- Born: 1 February 1887 Vienna, Austria-Hungary
- Died: Q2 1968 Islington, London, England
- Occupations: activist, journalist and politician
- Political party: SPÖ USPD KPD CPGB
- Spouse: Willie Norby Clark
- Parent(s): Maier Braunthal (1836-1914) Klara Zoller/Braunthal (1862-1940)

= Bertha Braunthal =

German politician (1887–1967)

Bertha Braunthal (1 February 1887 – 1968) was a communist politician in Germany from the party's creation in 1920 till her emigration to London in 1933. She was also a first-wave feminist.

Sources sometimes identify her as Bertha Braunthal-Clark, reflecting her marriage in or before 1933 to the Scottish born communist Willie Norby Clark.

==Life==
Braunthal was the eldest of six children born into a Jewish family in Vienna. Her father, Maier Braunthal (1836–1914), originally from Odessa, worked as an accountant. Two of her younger brothers, Julius Braunthal (1891–1972) and Alfred Braunthal (1897–1980) would also grow up to become notable as pioneers of twentieth century socialism.

During the First World War she moved to the Netherlands and obtained a clerical job with a manufacturing company (the Netherlands managed to avoid direct involvement in the First World War.) After that, instead of moving back to what remained of Austria, she took a job in Berlin. Before the war, in Austria, she had been a member of the Social Democratic Party. In 1917 its German equivalent split, primarily over the question of whether or not to continue supporting the government in its determination to continue with the war. Braunthal became a member of the breakaway Independent Social Democratic Party ("Unabhängige Sozialdemokratische Partei Deutschlands" / USPD). After the war ended, at the Party Conference which took place at Leipzig in December 1919, she was one of six people elected to the secretariat of the USPD Central Committee. During the later war years she may also have been involved with the Spartacus League. She played a part in the revolutionary turbulence that followed the war, working in Berlin as secretary to the propaganda department of the Greater Berlin Executive Council of the Workers' and Soldiers' Councils.
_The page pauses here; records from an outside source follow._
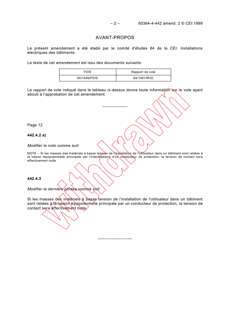– 2 – 60364-4-442 amend. 2 © CEI:1999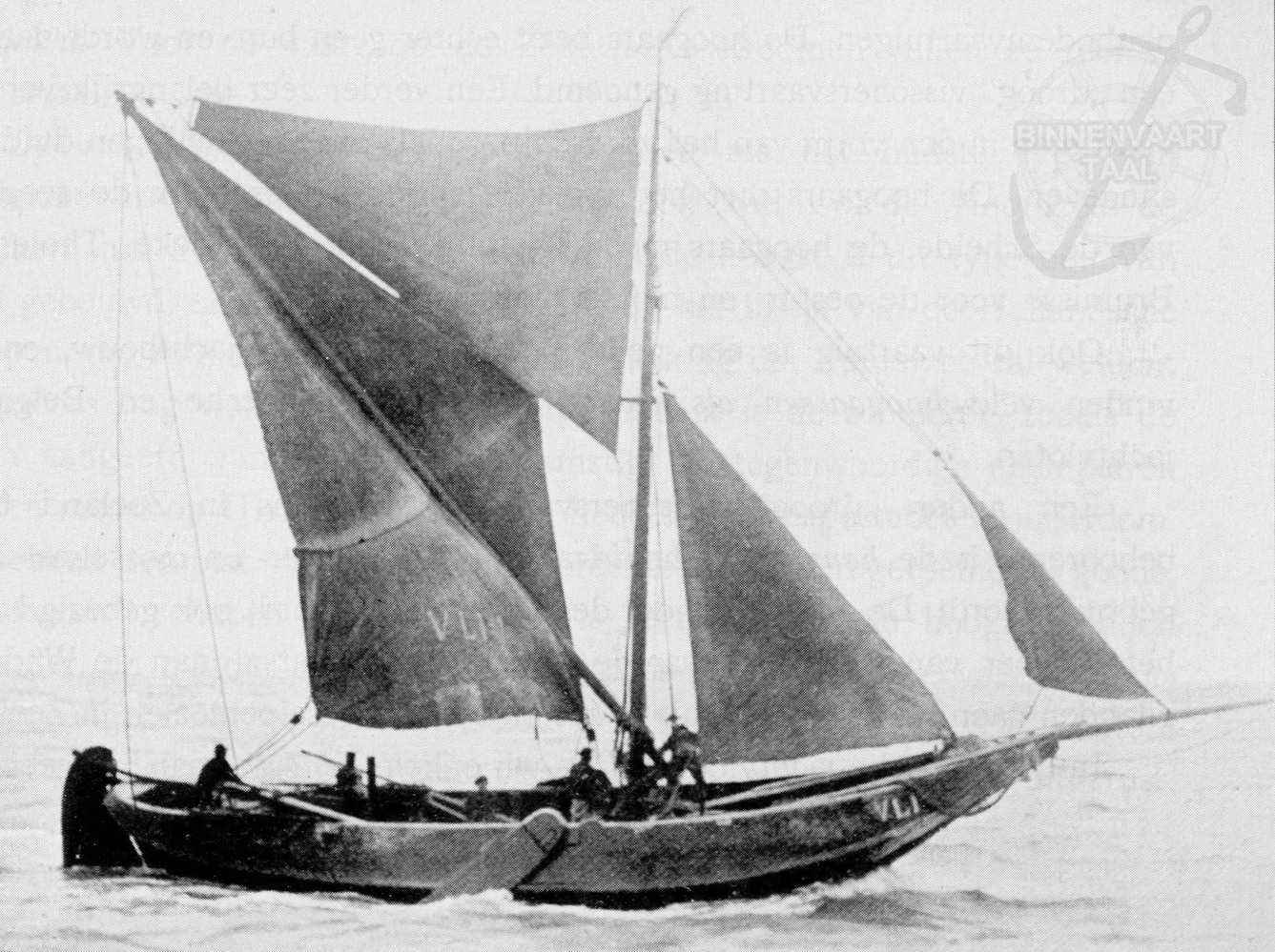 De veel gekopiëerde en gebruikte foto uit "Schepen die Voorbij Gaan" van H.C.A. van Kampen en H. Kersken, uitgave ANWB, Amsterdam 1927. Het toont ons een schip met een zogenaamde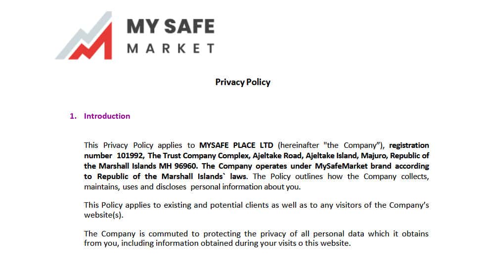 Политика конфиденциальности MySafeMarket тоже никак вас не защитит. С вероятностью 99% они ваши данные после закрытия солью третьим лицам просто. так поступают все мошенники, а потом вас начинают доставать смсками и рекламой с других лоховодских контор, поэтому 1000 раз подумайте прежде чем начинать с ними работать.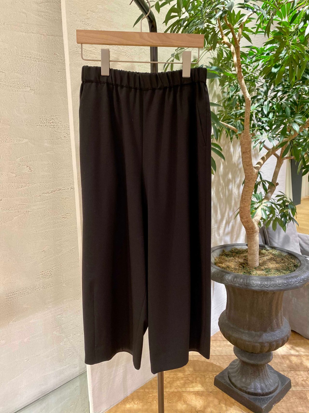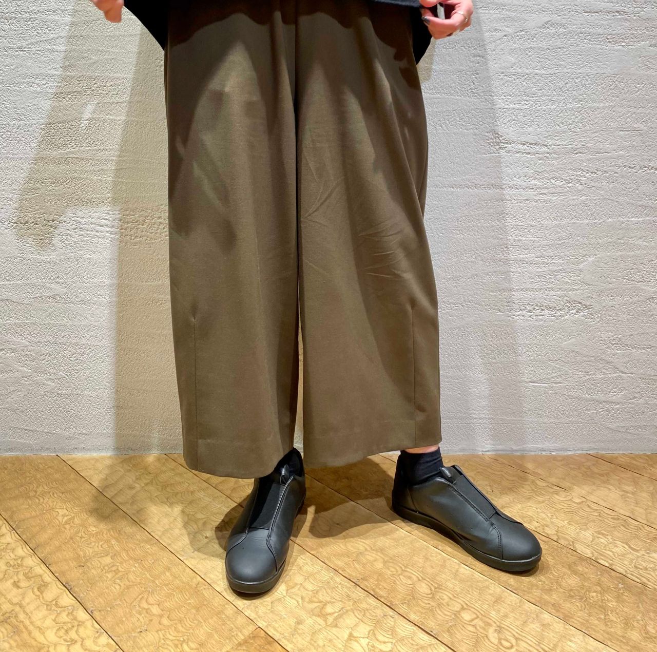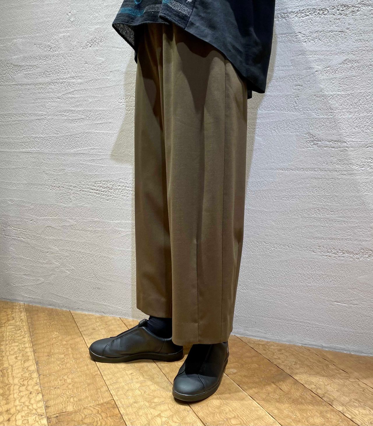 それに合わせた裾にダーツが入ったコクーンシルエットのパンツは、綺麗めにもカジュアルなテイストにも合わせやすい万能パンツ。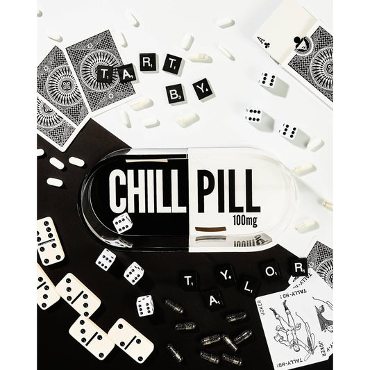 Chill Pill Trinket Tray in Black & White | Decorative Jewelry Catch-all Dish | 9'’ x 4’’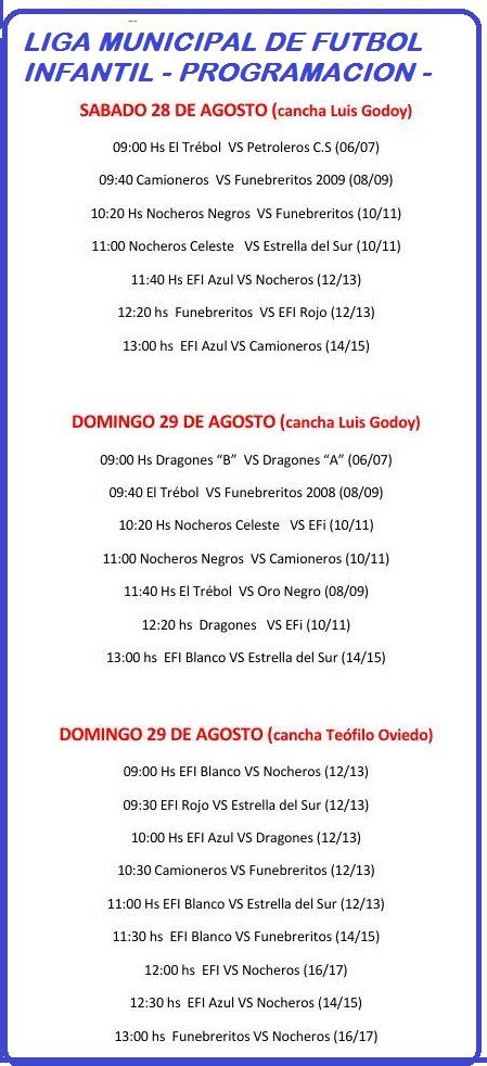 *Durante sàbado y domingo en las instalaciones del Complejo Municipal 11 de Julio continuarà el desarrollo del Torneo Oficial de la Liga Municipal de Futbol Infantil que organiza la Coordinaciòn de esta actividad dependiente de la Subsecretarìa Municipal de Deportes. El programa de partidos es el siguiente :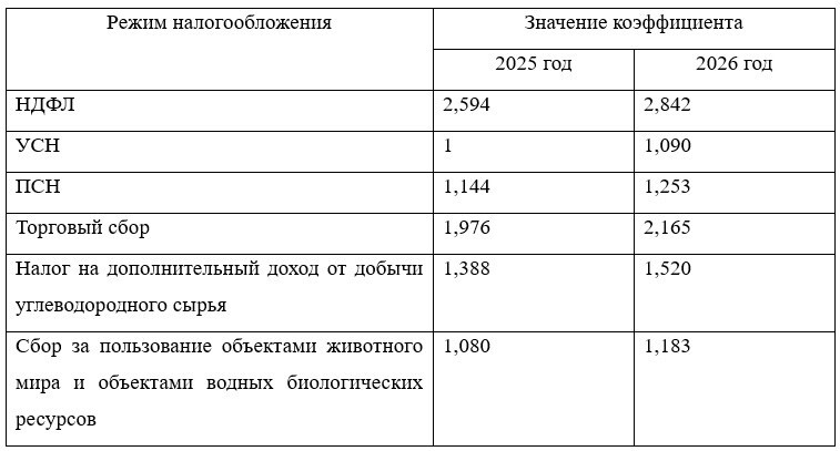 Для сравнения: в 2025 году коэффициент-дефлятор для НДФЛ составлял 2,594, для УСН применялся коэффициент 1,000 (фактически без индексации), для ПСН — 1,144, для торгового сбора — 1,976. Рост коэффициентов составил от 6 до 10 процентов в зависимости от вида платежа.
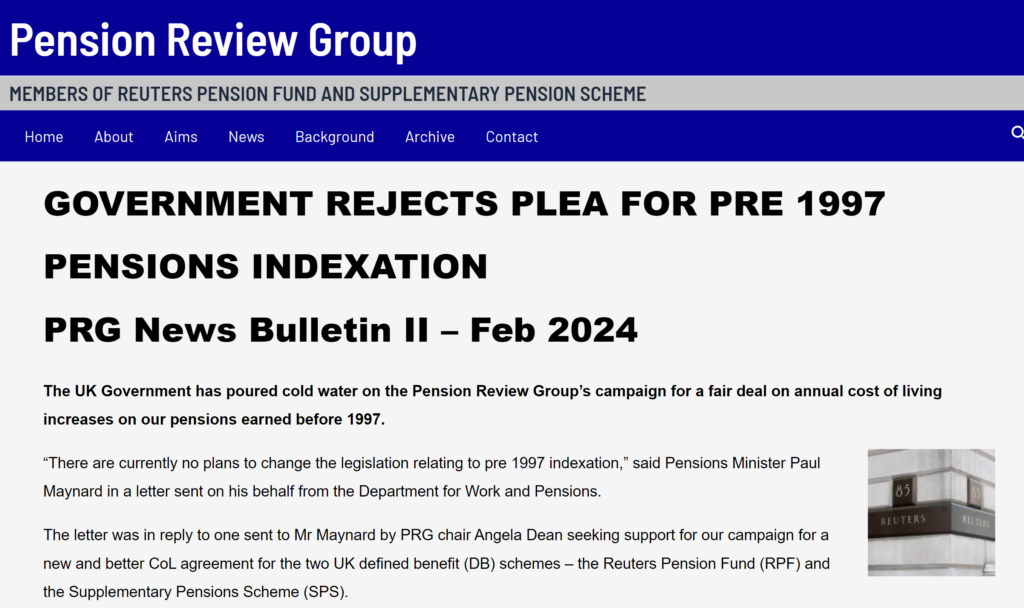 GOVERNMENT REJECTS PLEA FOR PRE 1997 PENSIONS INDEXATION PRG News Bulletin II – Feb 2024 The UK Government has poured cold water on the Pension Review Group’s campaign for a fair deal on annual cost of living increases on our pensions earned before 1997. “There are currently no plans to change the legislation relating to […]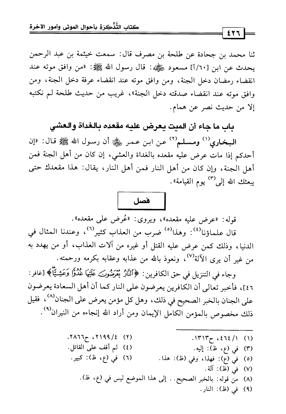 باب ما جاء أن الميت يعرض عليه مقعده بالغداة والعشي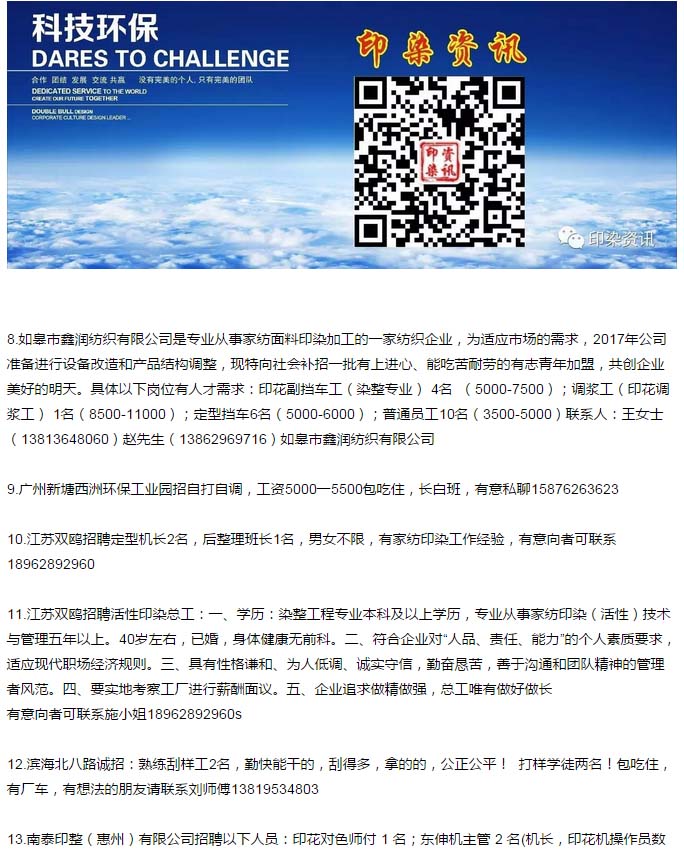 重点招聘│肇庆鼎晟纺织染整,高薪招针织厂厂长,针织面料销售业务员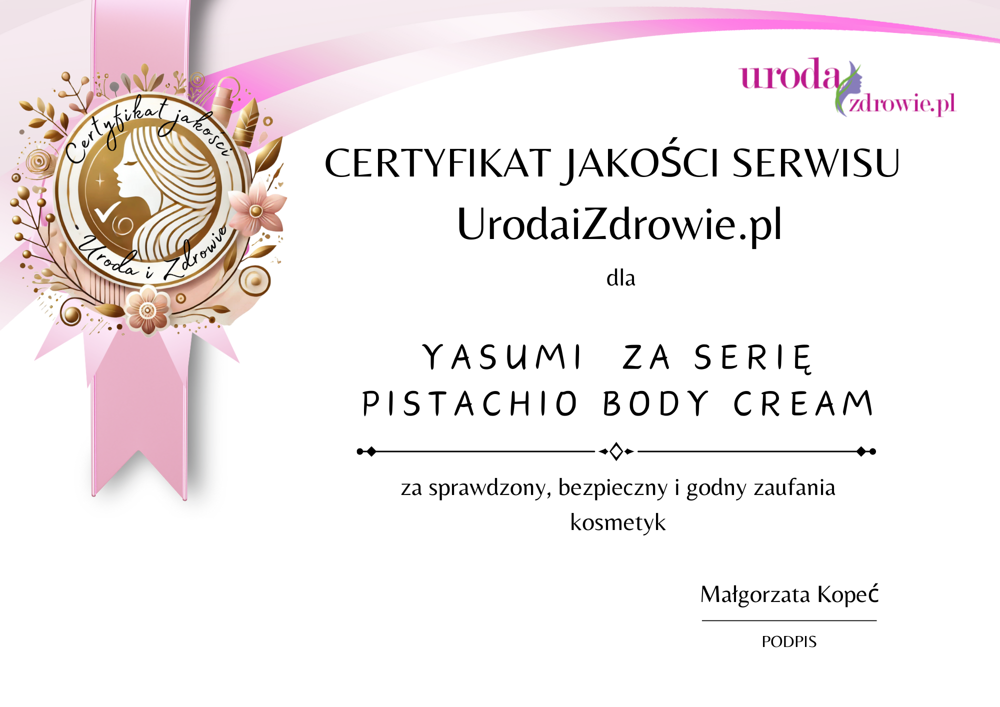 Certyfikat jakości serwisu UrodaiZdrowie – Yasumi Pistachio Body Care

Braunthal positioned herself on the left wing of the USPD. From March 1920 she took a leading role on party propaganda work that focused on women. She worked on the party newspaper, Die Kämpferin. As further realignment of the political left approached, in October 1920 she attended the "breakup party congress" ("Spaltungsparteitag") in Halle and was elected to the four person Secretariat of the USPD Central Committee. Two months later, at the "unification party congress" in Berlin, the left wing majority of the USPD agreed to unite with the recently created Communist Party of Germany. Braunthal was elected to the party executive and took over leadership of its Women's Secretariat, a post she retained till 1923, when she was succeeded in the post by Erna Lang. During this period she was working alongside Clara Zetkin, Hertha Sturm and Martha Arendsee editing the party newspaper, Die Kommunistin ("The Woman Communist").

Braunthal participated at the Second International Communist Women's Conference in June 1921 before travelling on to Moscow to join in at the World Congress of the Communist Third International. As the German communists sustained their reputation for factionalism, during the internal party crisis of 1921 she was part of the left-wing majority on the Party Executive that voted through the expulsion of Paul Levi. In August 1921 at the Seventh Party Conference at Jena, and again at the Eighth Party Conference at Leipzig in January/February 1923, she was re-elected to the Party Executive and mandated to lead the party's Women's Secretariat.

Later Bertha Braunthal-Clark and her Scottish born husband worked together on the Comintern newspaper Inprekorr ("International Press Correspondence") which had been set up in 1921 by Gyula Alpári. It is not clear whether Bertha accompanied Willie Clark when he was working for Inprecor in Vienna in 1929, but he relocated to Berlin in 1930.

The Nazis took power in January 1933 and lost little time in converting the German state into a one-party dictatorship. Party political activity (unless in support of the Nazi party) became illegal. Willie and Bertha moved to London. They had already been working on creating an English language edition of Inprecor, and now they worked on a weekly newspaper entitled "World News and Views" which was in effect an English successor to that. While retaining her membership of the exiled German Communist Party, Bertha Clark now also joined its British counterpart.

According to one left-leaning source, Willie and Bertha Clarks were subject to constant surveillance by the British security services after they moved to London, and there is certainly a file with their names on it. No source has been located to suggest that they were arrested and detained by the British authorities in 1940, however.

After the unexpected dissolution of the Comintern in 1943, Bertha Clark undertook translation work for the British Communist Party. She died in the London quarter of Islington during the early summer of 1968. Some sources give the year of her death as 1967.